Data records:
--*--
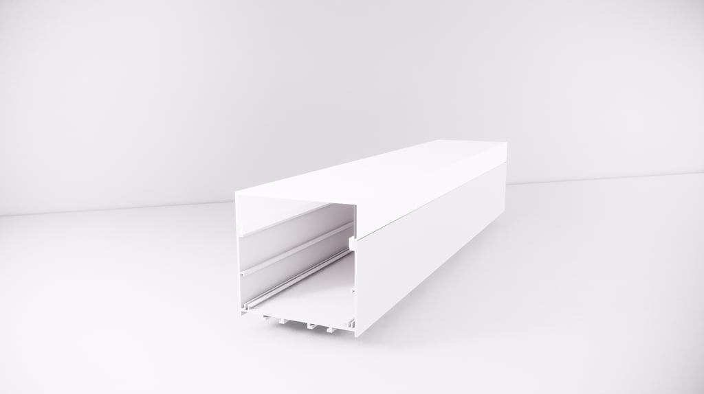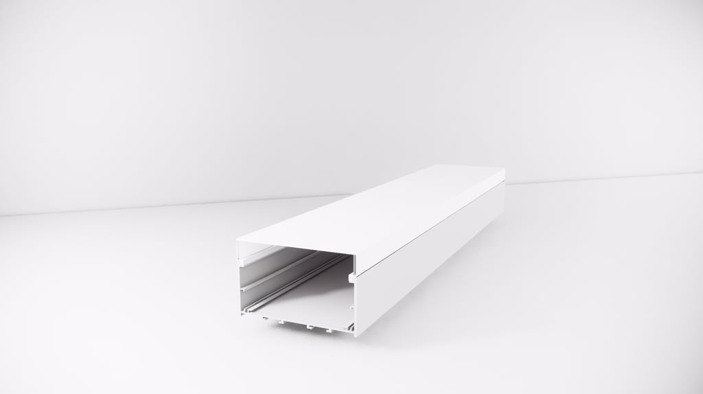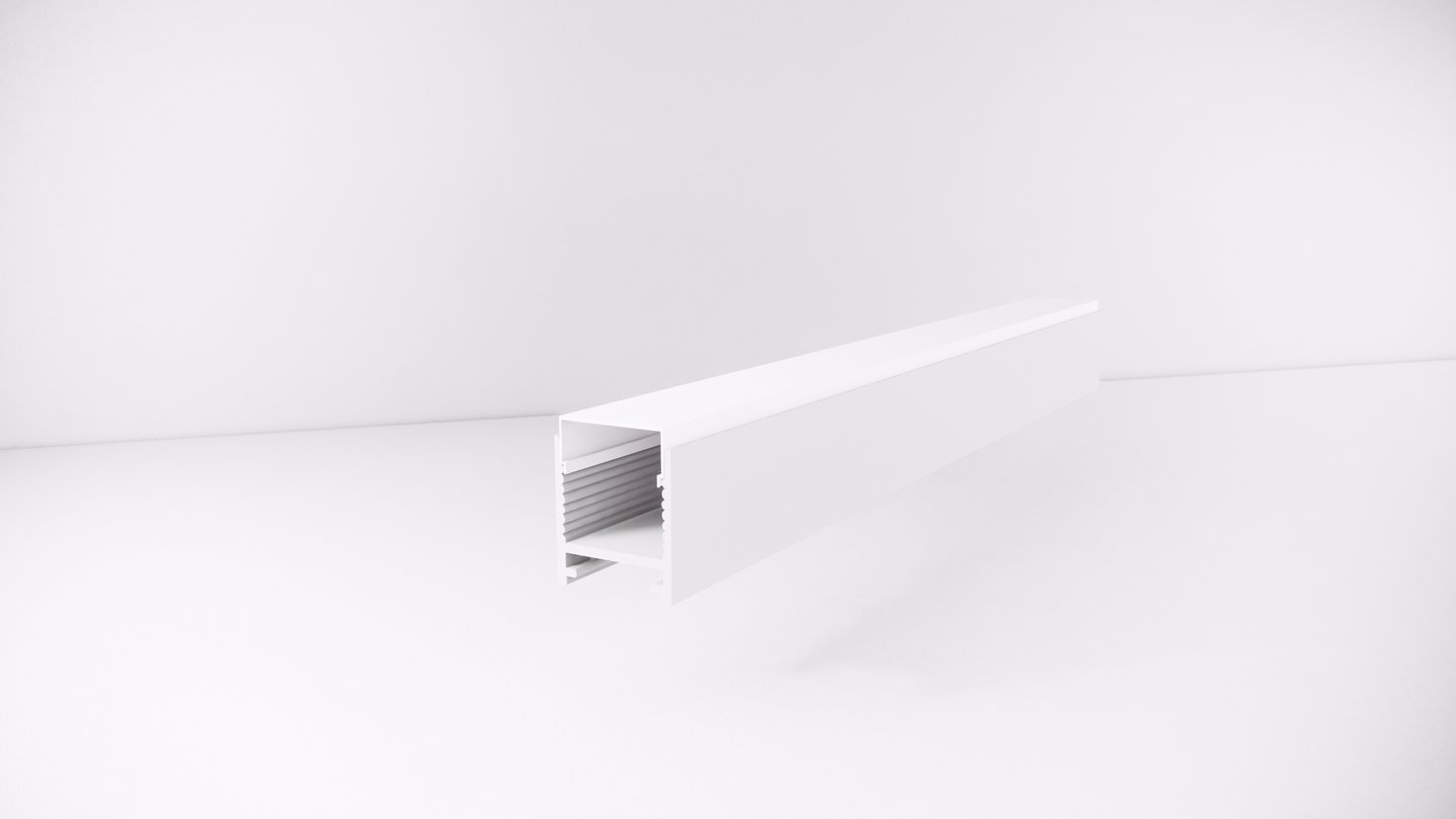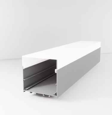 Seu formato imponente é ideal para projetos que exigem uma iluminação marcante, como lojas, academias, espaços corporativos e ambientes residenciais modernos. Com possibilidade de uso com lente recuada, o perfil permite uma iluminação confortável aos olhos e com grande impacto estético.
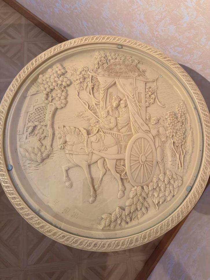 Vintage bijzettafeltje met een gedetailleerd Chinees reliëf. Het toont een traditionele Chinese paardenkoets met een koetsier, koninklijke passagiers en bedienden in een weelderige tuin. Stijl ivoorsnijwerk. 50cm hoog en 46cm diameter. Op te halen in Bree.
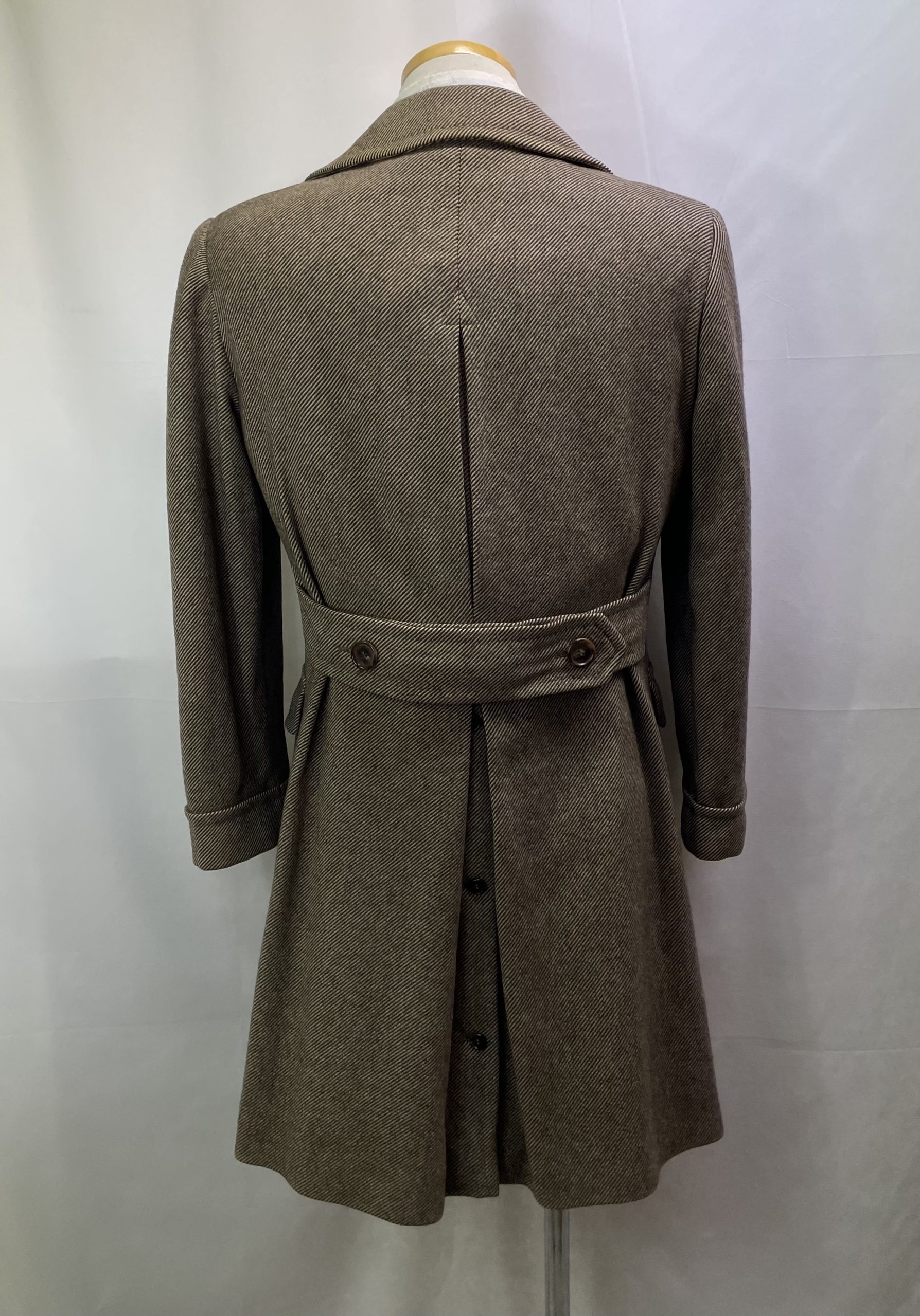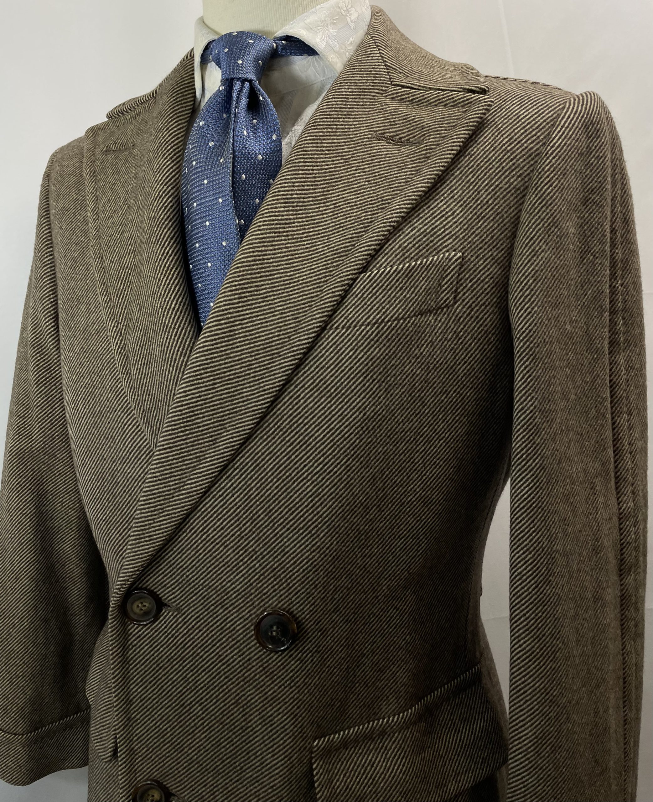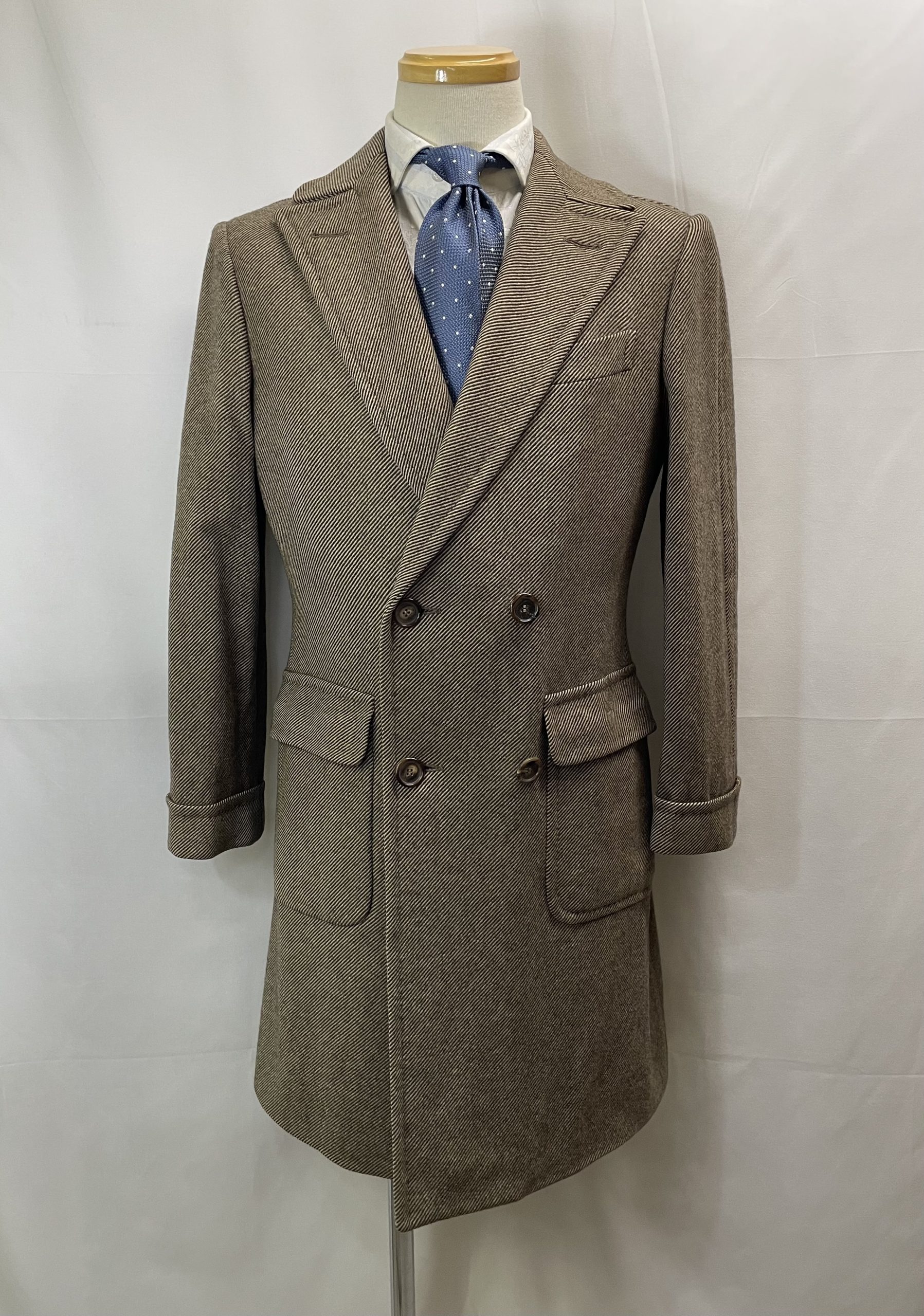 セミピークドラペル、フロント2つ×2列ボタン、袖口ダブルカフ仕様、左胸に美麗なバルカ型ポケット、両脇にフラップ付きパッチポケット、背側2ボタン留めウエストベルト付き、内側に両玉縁ポケット、総裏地、ボタン留めセンタープリーツベント。
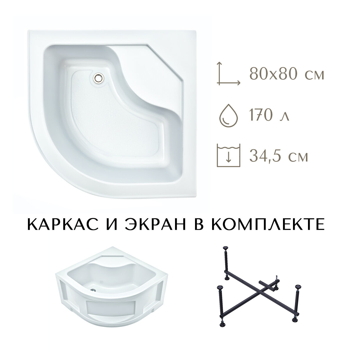Душевой поддон акриловый глубокий (комплект с каркасом и экраном) Капрера 80*80 LESAN информация:
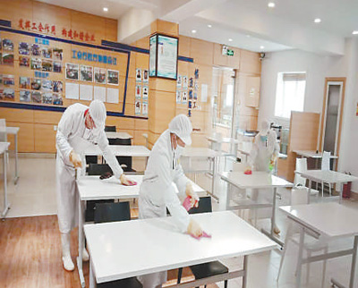 樂(lè)星汽車電子(青島)有限公司人員在對(duì)餐廳進(jìn)行嚴(yán)格消毒。王 洪攝
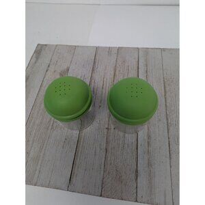Vintage Pyrex Corning Glass Plastic Mushroom Salt & Pepper Shaker Set Green Tops
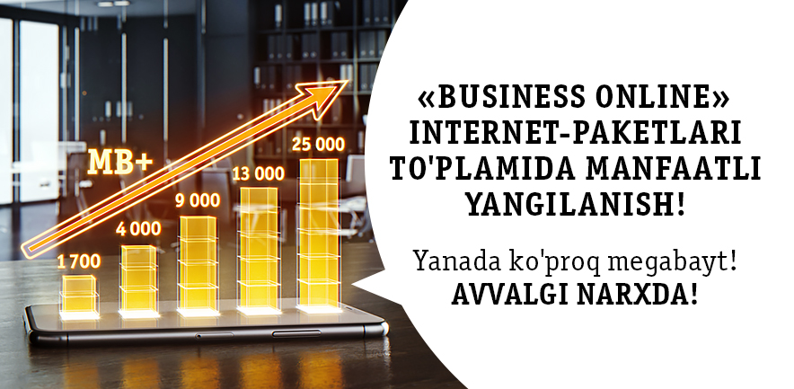 Sizga "Business Online" Internet-paketlari turkumining yangilanishi to'g'risida xabar berishdan mamnunmiz: 1 fevraldan postpeyd to'lov tizimining abonentlari uchun va 5 fevraldan oldindan to'lov tizimining abonentlari uchun!
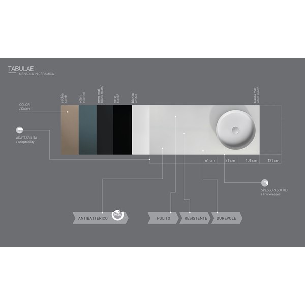 Η Galassia δημιουργεί με την Tabulae την πρώτη συλλογή κεραμικών ράφια με λεπτές άκρες (πάχους μόλις 5mm), διαθέσιμη σε διάφορα μεγέθη και χρώματα, σε συνδυασμό με έπιπλα και δομές διαφορετικών φινιρισμάτων και διαστάσεων. Μέγιστη ευελιξία και προσαρμογή του μπάνιου με ένα λειτουργικό και κομψό σύστημα κατάλληλο για κάθε τύπο χώρου και γευσιγνωσίας.
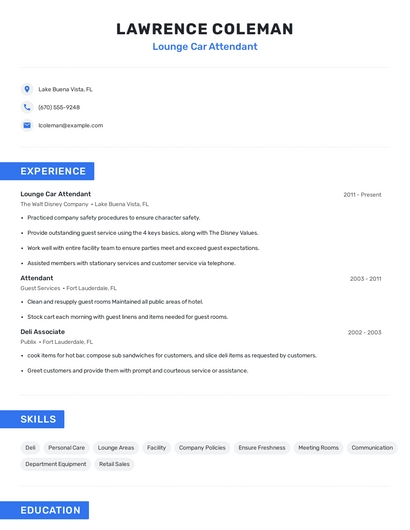 Build a professional lounge car attendant resume in minutes. Browse through our resume examples to identify the best way to word your resume. Then choose from 5+ resume templates to create your lounge car attendant resume.
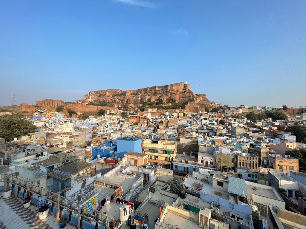 There is a place called Castle View. It is a hotel and has a cafe attached. The view is the entire place from there is stunning. You can have a panoramic view of the Mehrangarh fort and the old city.
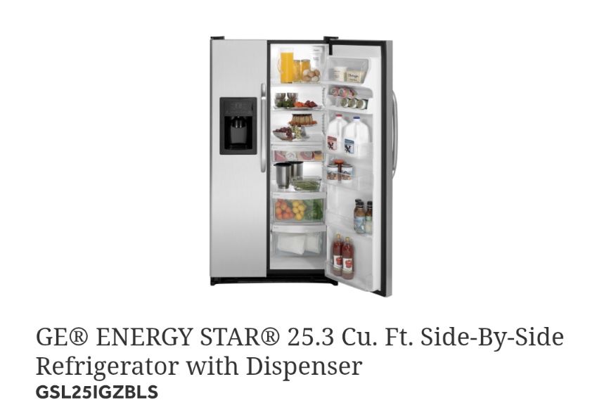 ApplePay25.3 cu. ft. GE Side-by-Side Refrigerator (Model: GSL25JGDB LS) + 3 brand new water filters
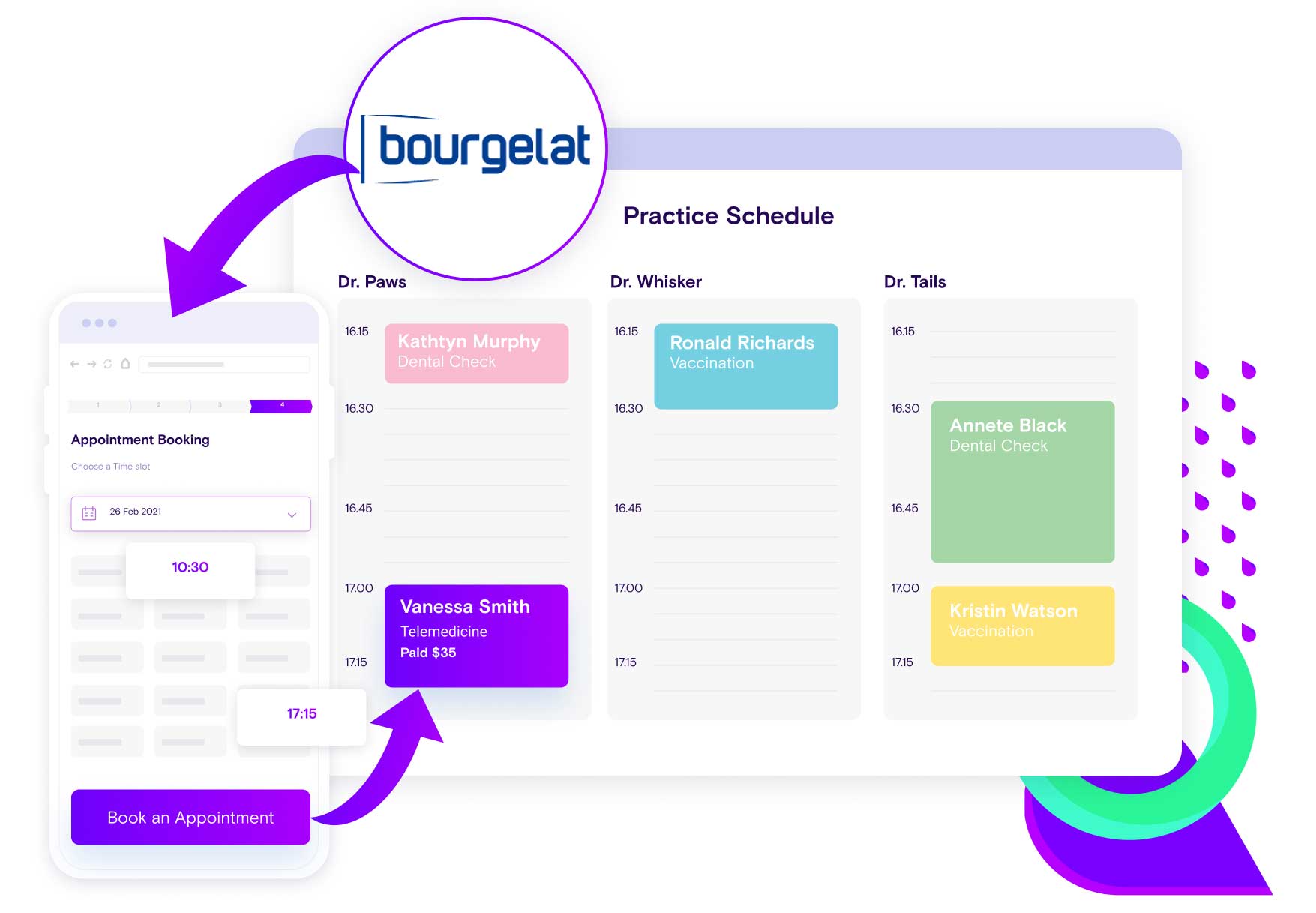Save time, improve service, and grow your practice by allowing pet parents to book appointments from your website straight into your Bourgelat calendar.
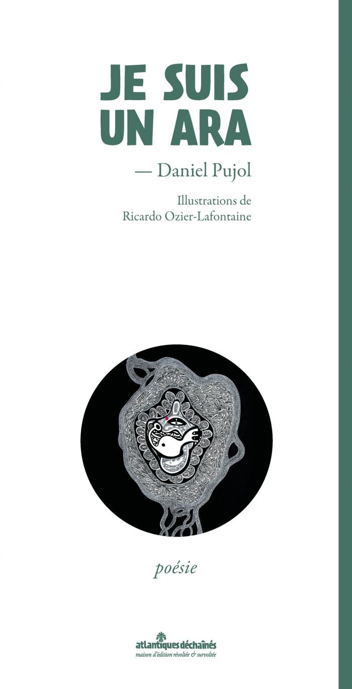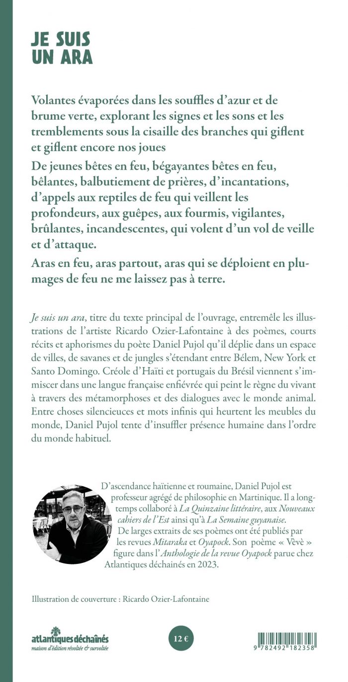 Je suis un ara, titre du texte principal de l’ouvrage, entremêle les illustrations de l’artiste Ricardo Ozier-Lafontaine à des poèmes, courts récits et aphorismes du poète Daniel Pujol qu’il déplie dans un espace de villes, de savanes et de jungles s’étendant entre Bélem, New York et Santo Domingo. Créole d’Haïti et portugais du Brésil viennent s’immiscer dans une langue française enfiévrée qui peint le règne du vivant à travers des métamorphoses et des dialogues avec le monde animal. Entre choses silencieuces et mots infinis qui heurtent les meubles du monde, Daniel Pujol tente d’insuffler présence humaine dans l’ordre du monde habituel, implorant les aras qui se déploient en plumages de feu de ne pas le laisser à terre.
--*--
Give the lines again exactly, starting where the entries begin and stopping once the line with "There is a place" is included; pictures are not copied.

Response to the exercise:
 Seu formato imponente é ideal para projetos que exigem uma iluminação marcante, como lojas, academias, espaços corporativos e ambientes residenciais modernos. Com possibilidade de uso com lente recuada, o perfil permite uma iluminação confortável aos olhos e com grande impacto estético.
 Vintage bijzettafeltje met een gedetailleerd Chinees reliëf. Het toont een traditionele Chinese paardenkoets met een koetsier, koninklijke passagiers en bedienden in een weelderige tuin. Stijl ivoorsnijwerk. 50cm hoog en 46cm diameter. Op te halen in Bree.
 セミピークドラペル、フロント2つ×2列ボタン、袖口ダブルカフ仕様、左胸に美麗なバルカ型ポケット、両脇にフラップ付きパッチポケット、背側2ボタン留めウエストベルト付き、内側に両玉縁ポケット、総裏地、ボタン留めセンタープリーツベント。
Душевой поддон акриловый глубокий (комплект с каркасом и экраном) Капрера 80*80 LESAN информация:
 樂(lè)星汽車電子(青島)有限公司人員在對(duì)餐廳進(jìn)行嚴(yán)格消毒。王 洪攝
Vintage Pyrex Corning Glass Plastic Mushroom Salt & Pepper Shaker Set Green Tops
 Sizga "Business Online" Internet-paketlari turkumining yangilanishi to'g'risida xabar berishdan mamnunmiz: 1 fevraldan postpeyd to'lov tizimining abonentlari uchun va 5 fevraldan oldindan to'lov tizimining abonentlari uchun!
 Η Galassia δημιουργεί με την Tabulae την πρώτη συλλογή κεραμικών ράφια με λεπτές άκρες (πάχους μόλις 5mm), διαθέσιμη σε διάφορα μεγέθη και χρώματα, σε συνδυασμό με έπιπλα και δομές διαφορετικών φινιρισμάτων και διαστάσεων. Μέγιστη ευελιξία και προσαρμογή του μπάνιου με ένα λειτουργικό και κομψό σύστημα κατάλληλο για κάθε τύπο χώρου και γευσιγνωσίας.
 Build a professional lounge car attendant resume in minutes. Browse through our resume examples to identify the best way to word your resume. Then choose from 5+ resume templates to create your lounge car attendant resume.
 There is a place called Castle View. It is a hotel and has a cafe attached. The view is the entire place from there is stunning. You can have a panoramic view of the Mehrangarh fort and the old city.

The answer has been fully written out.